Что же касается юбиляра Рейзена, то к концу жизни он придерживался все более радикальных взглядов среди жильцов дома, которым осуждение прошлого (для них это был золотой век!) было несвойственно. Одному из гостей, сравнившему его с Шаляпиным, мудрый Марк Осипович ответил: «Зачем вы сравниваете меня, раба, со свободным человеком Шаляпиным? Шаляпин, если ему нужно было, мог разорвать занавес или потребовать сменить дирижера. А я после каждого спектакля в Большом театре дрожал, прислушиваясь к машинам: не за мной ли приехали? Вы думаете, что это не перешло в само звучание голоса?» Плюрализм мнений двух певцов-могикан был вызван и характеристикой ролей, ими исполняемых. В самом деле: какие претензии идеологического плана можно было предъявить к Ленскому или Юродивому в исполнении Козловского? Да никаких. Юродивый — воплощение страдающего народа, живой укор прогнившему царскому режиму. А вот Рейзен-Годунов чуть не стал последней партией для артиста, которого в 1940-х годах обвинили в подозрительных аналогиях: мучающийся муками совести русский царь кому-то там наверху в Кремле вдруг напомнил… в общем, понятно, кого и что. А ведь и правда — параллели напрашиваются. Опасная это опера — «Борис Годунов»!
Развивая мысль о тяжести шапки Мономаха, в чем-то равноценной огромной ответственности солиста Большого театра, Иван Семенович принялся рассказывать о своей встрече с живым, а не оперным царем — Николаем II, приехавшим как-то в Киев. Давно это было. Самодержец Всероссийский, послушав хор Михайловского Златоверхого монастыря, оценил природное дарование одного из певчих — и к царю подвели мальчишку с красивым голосом, вот, говорят, наш самородок — Ивасик Козловский, со всего Киева прихожане приходят его послушать! Козловский на всю жизнь запомнил лицо царя: «Он был очень улыбчив, мягкий, очень добрый» (ну прямо как Сталин — добавим мы). Рейзен встречей с царем похвастаться не мог, у него от той эпохи остались словно напоминание два георгиевских креста и следы от ранений: Марк Осипович воевал еще в Первую мировую.

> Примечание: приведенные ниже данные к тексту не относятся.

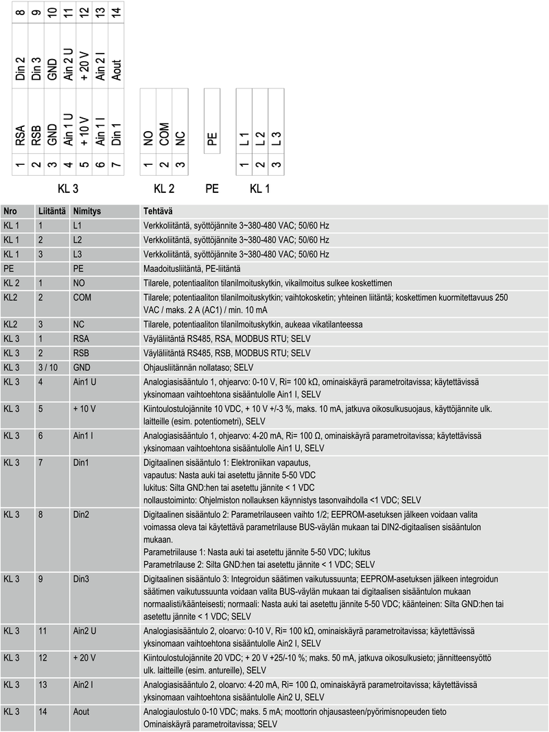 Jännitealue 3~ 380 … 480 VAC
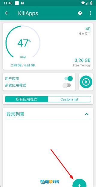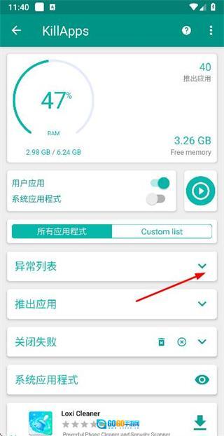 在KillApps页面中,点击异常列表右侧的下拉箭头,即可展开异常列表区域。
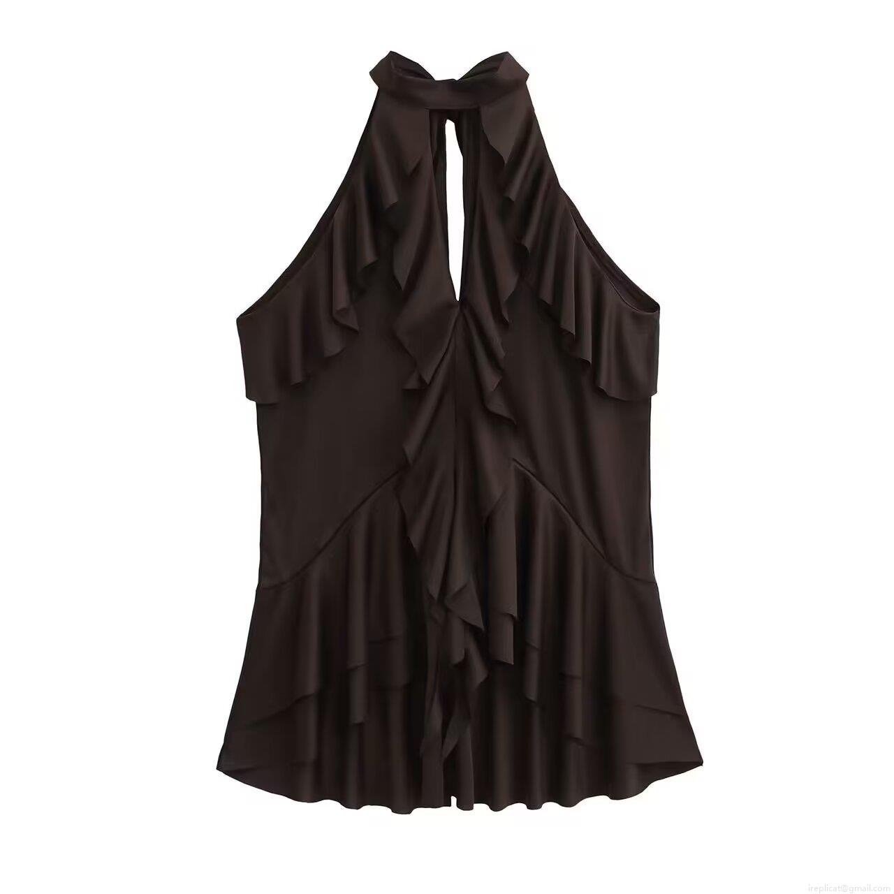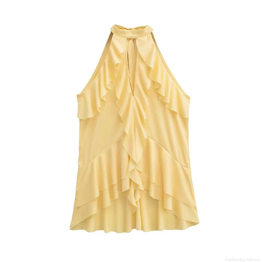 • Women's Sexy Halter Neck Ruffle Tank Top Sleeveless Chiffon Feel Solid Color Back Tie Summer Beach Party Cami Top For Women
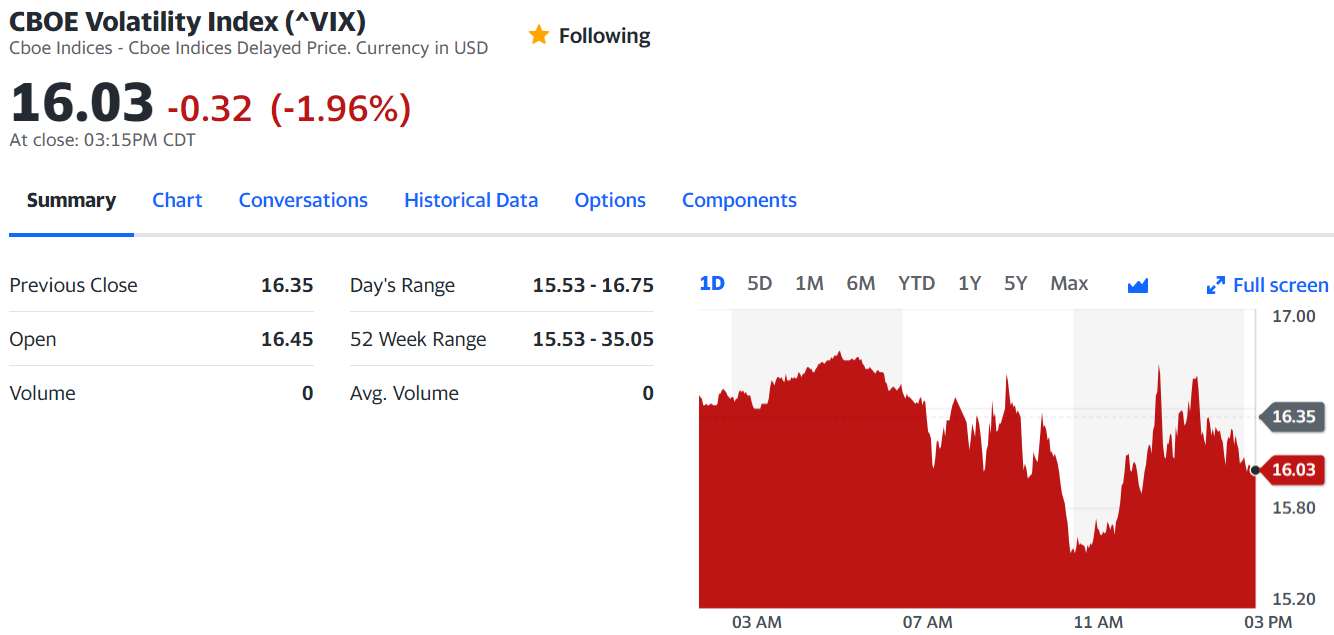 - VIX 지수 20 이하 : 과매수 구간 매도 고려 (흥분 구간)

А молодежь 1980-х все сидела и слушала и вскоре, как это часто бывает, поспешила откланяться. Наутро Магомаев решил осведомиться у Рейзена о его здоровье: все-таки десятый десяток человеку! А тут такие перегрузки — юбилей в Большом театре, потом банкет. К его удивлению, на другом конце телефонной линии прозвучал бодрый бас Рейзена: «Ах, молодежь, вы вчера странно вели себя: ничего не ели, не пили, ушли рано. А мы, старики, кутили до утра. Винца выпили. Хорошо!» Марк Осипович и в дальнейшем напоминал о себе жителям окрестных к Брюсову переулку домов, выходя на прогулку с супругой Рашелью Анатольевной (она была на три года его моложе): «Если мы слышали, как пробивается сквозь стекла зычный голосище, бросались с Тамарой к окну: Рейзен с женой на променаде. Идет, идет — вдруг остановится и что-то начинает супруге доказывать. Да так живо, так настойчиво, во весь свой набатный глас. Всякий раз, провожая взглядом эту трогательную парочку, словно из другого, минувшего и какого-то степенного, обстоятельного века, мы думали: “Вот чудо и совершенство природы, стихийное явление! Сто лет в обед, а ведь на своих ногах. И всю ночь гуляет под вино. И волнуется, как мальчишка. И есть о чем и в девяносто лет поговорить с женой, что-то горячо обсуждать”…»
Брюсов переулок. Не было в Москве другого такого, так густо заселенного сотрудниками Большого театра, его живыми легендами. Тут в какую сторону ни погляди, непременно наткнешься на мемориальную доску, извещающую о том, что «в этом доме с такого-то по такой-то год жил народный артист СССР, выдающийся певец (танцовщик, дирижер, режиссер) имярек». Тесно здесь и от памятников — Ростроповичу, Хачатуряну, Магомаеву. И это при том, что далеко не все жильцы этого переулка удостоились личной мемориальной доски — места бы на всех точно не хватило. Больше всего мемориальных досок на доме номер семь, еще в середине прошлого века за ним прочно закрепилось название Головановского — по имени одного из самых известных и влиятельных его жителей Николая Семеновича Голованова, возглавлявшего здесь жилищный кооператив «имени Неждановой». А еще этот дом долго называли домом Большого театра, до тех пор пока в Москве не построили и другие дома для труппы первого театра страны (например, на улице Горького).